Your objective.
The required output is the stretch from the line containing "Effets, effets 3D, ombre" through the line containing "git config --global http.proxy" in the records below, unaltered and with no pictures.

Records.

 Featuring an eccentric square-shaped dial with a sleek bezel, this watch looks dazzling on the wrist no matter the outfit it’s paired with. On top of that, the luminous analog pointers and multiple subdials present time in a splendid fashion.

* * *

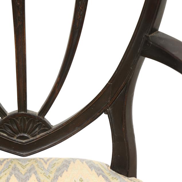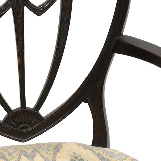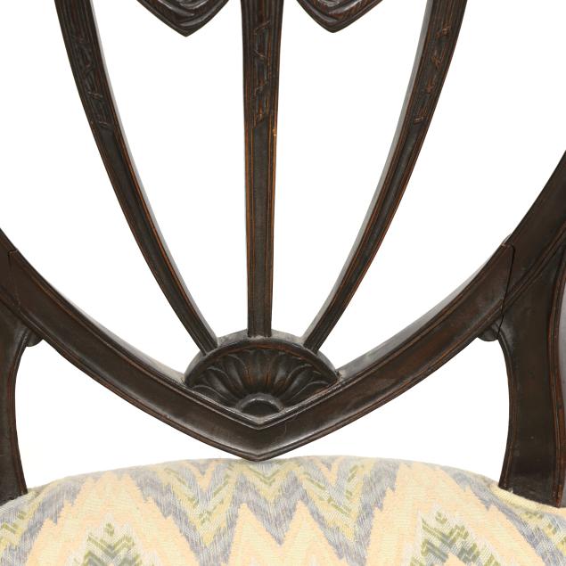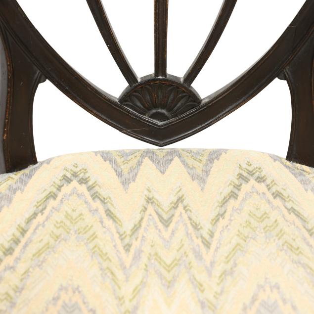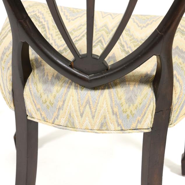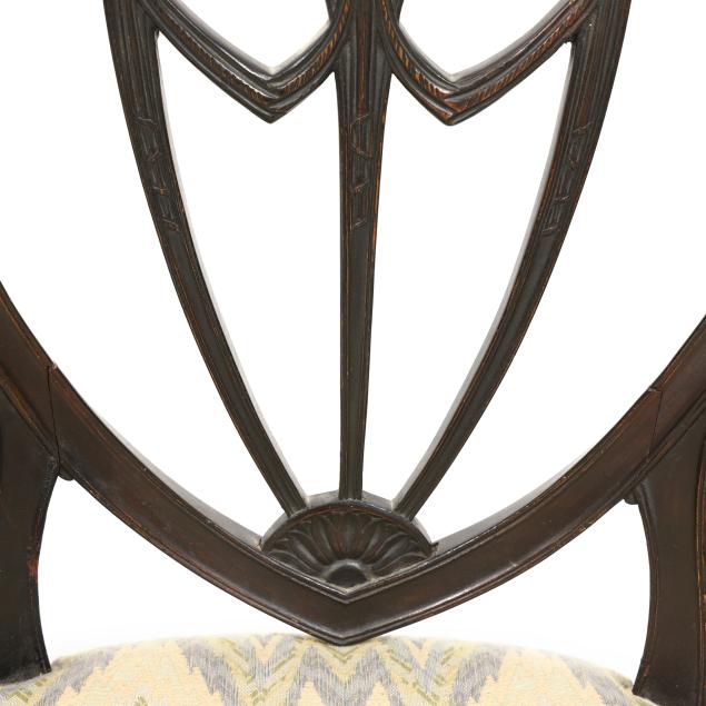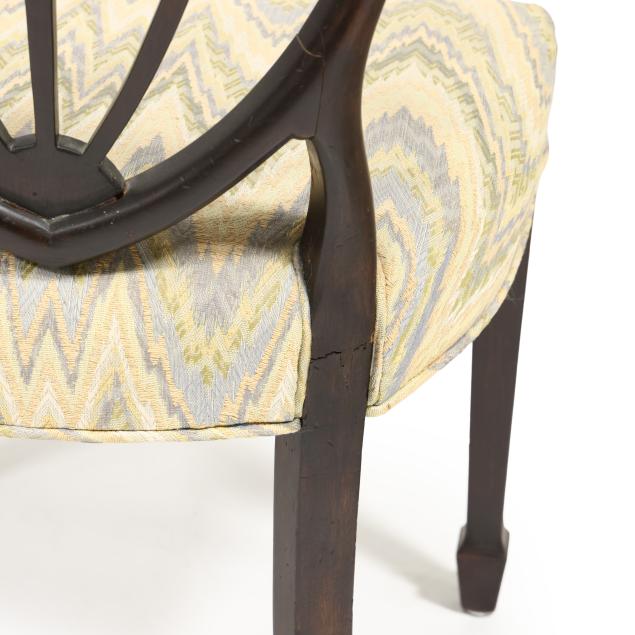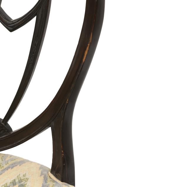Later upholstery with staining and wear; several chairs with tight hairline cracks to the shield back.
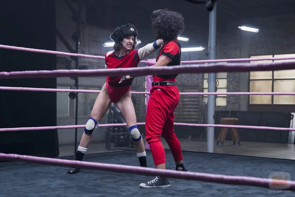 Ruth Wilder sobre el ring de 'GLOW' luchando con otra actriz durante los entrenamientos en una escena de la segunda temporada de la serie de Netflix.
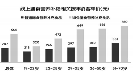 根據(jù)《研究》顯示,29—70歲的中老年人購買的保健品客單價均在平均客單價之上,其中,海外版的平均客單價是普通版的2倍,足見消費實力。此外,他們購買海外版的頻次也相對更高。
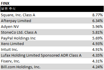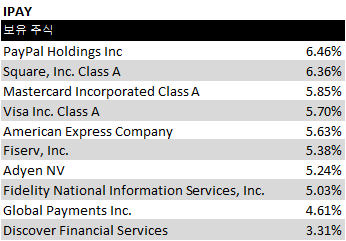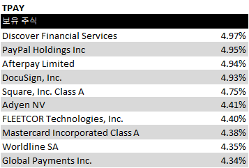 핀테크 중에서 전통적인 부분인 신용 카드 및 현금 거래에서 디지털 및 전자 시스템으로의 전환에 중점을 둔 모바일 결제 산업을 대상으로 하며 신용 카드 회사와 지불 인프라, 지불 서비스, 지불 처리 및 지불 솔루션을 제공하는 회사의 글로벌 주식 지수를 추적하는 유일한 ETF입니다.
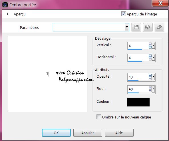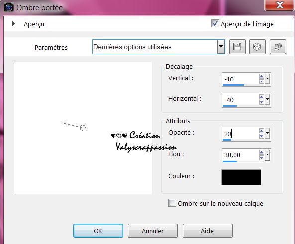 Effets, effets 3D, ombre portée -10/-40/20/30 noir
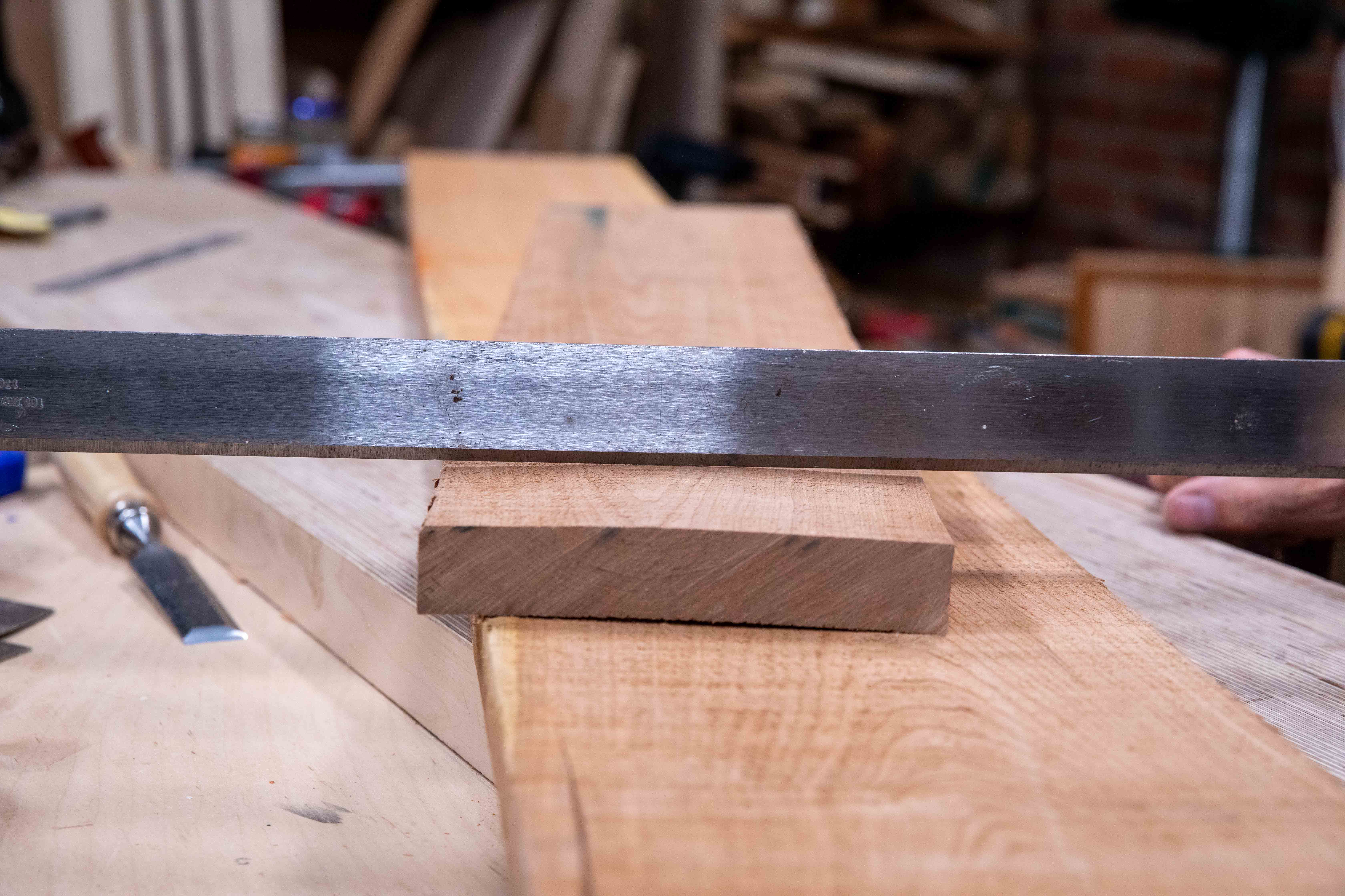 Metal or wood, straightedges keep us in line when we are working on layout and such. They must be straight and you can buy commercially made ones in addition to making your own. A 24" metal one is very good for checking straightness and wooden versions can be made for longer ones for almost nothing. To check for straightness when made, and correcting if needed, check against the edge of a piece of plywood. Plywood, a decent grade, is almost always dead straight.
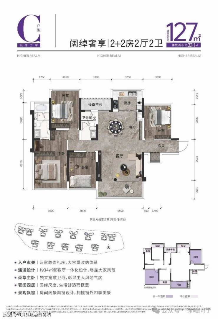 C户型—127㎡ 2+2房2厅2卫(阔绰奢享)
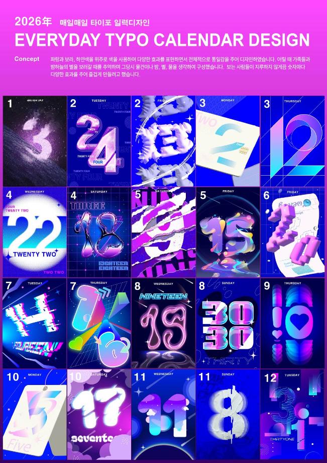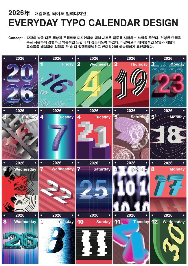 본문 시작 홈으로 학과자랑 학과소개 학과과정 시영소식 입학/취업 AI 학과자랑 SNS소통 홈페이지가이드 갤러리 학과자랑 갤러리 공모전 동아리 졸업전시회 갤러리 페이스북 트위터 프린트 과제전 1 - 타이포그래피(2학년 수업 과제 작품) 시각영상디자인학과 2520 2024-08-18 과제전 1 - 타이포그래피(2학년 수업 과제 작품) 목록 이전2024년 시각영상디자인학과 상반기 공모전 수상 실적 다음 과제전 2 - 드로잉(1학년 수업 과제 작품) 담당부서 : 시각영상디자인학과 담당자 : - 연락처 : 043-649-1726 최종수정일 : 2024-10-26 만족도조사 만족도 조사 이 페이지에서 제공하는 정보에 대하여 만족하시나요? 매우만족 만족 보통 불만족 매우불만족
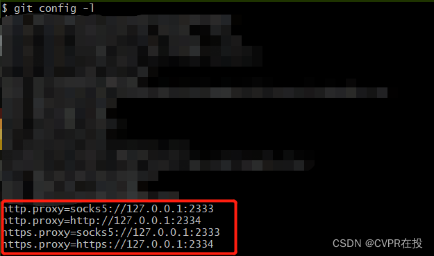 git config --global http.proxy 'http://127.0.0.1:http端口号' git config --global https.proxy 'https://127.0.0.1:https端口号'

Answer to the problem.
 Effets, effets 3D, ombre portée -10/-40/20/30 noir
 Metal or wood, straightedges keep us in line when we are working on layout and such. They must be straight and you can buy commercially made ones in addition to making your own. A 24" metal one is very good for checking straightness and wooden versions can be made for longer ones for almost nothing. To check for straightness when made, and correcting if needed, check against the edge of a piece of plywood. Plywood, a decent grade, is almost always dead straight.
 C户型—127㎡ 2+2房2厅2卫(阔绰奢享)
 본문 시작 홈으로 학과자랑 학과소개 학과과정 시영소식 입학/취업 AI 학과자랑 SNS소통 홈페이지가이드 갤러리 학과자랑 갤러리 공모전 동아리 졸업전시회 갤러리 페이스북 트위터 프린트 과제전 1 - 타이포그래피(2학년 수업 과제 작품) 시각영상디자인학과 2520 2024-08-18 과제전 1 - 타이포그래피(2학년 수업 과제 작품) 목록 이전2024년 시각영상디자인학과 상반기 공모전 수상 실적 다음 과제전 2 - 드로잉(1학년 수업 과제 작품) 담당부서 : 시각영상디자인학과 담당자 : - 연락처 : 043-649-1726 최종수정일 : 2024-10-26 만족도조사 만족도 조사 이 페이지에서 제공하는 정보에 대하여 만족하시나요? 매우만족 만족 보통 불만족 매우불만족
 git config --global http.proxy 'http://127.0.0.1:http端口号' git config --global https.proxy 'https://127.0.0.1:https端口号'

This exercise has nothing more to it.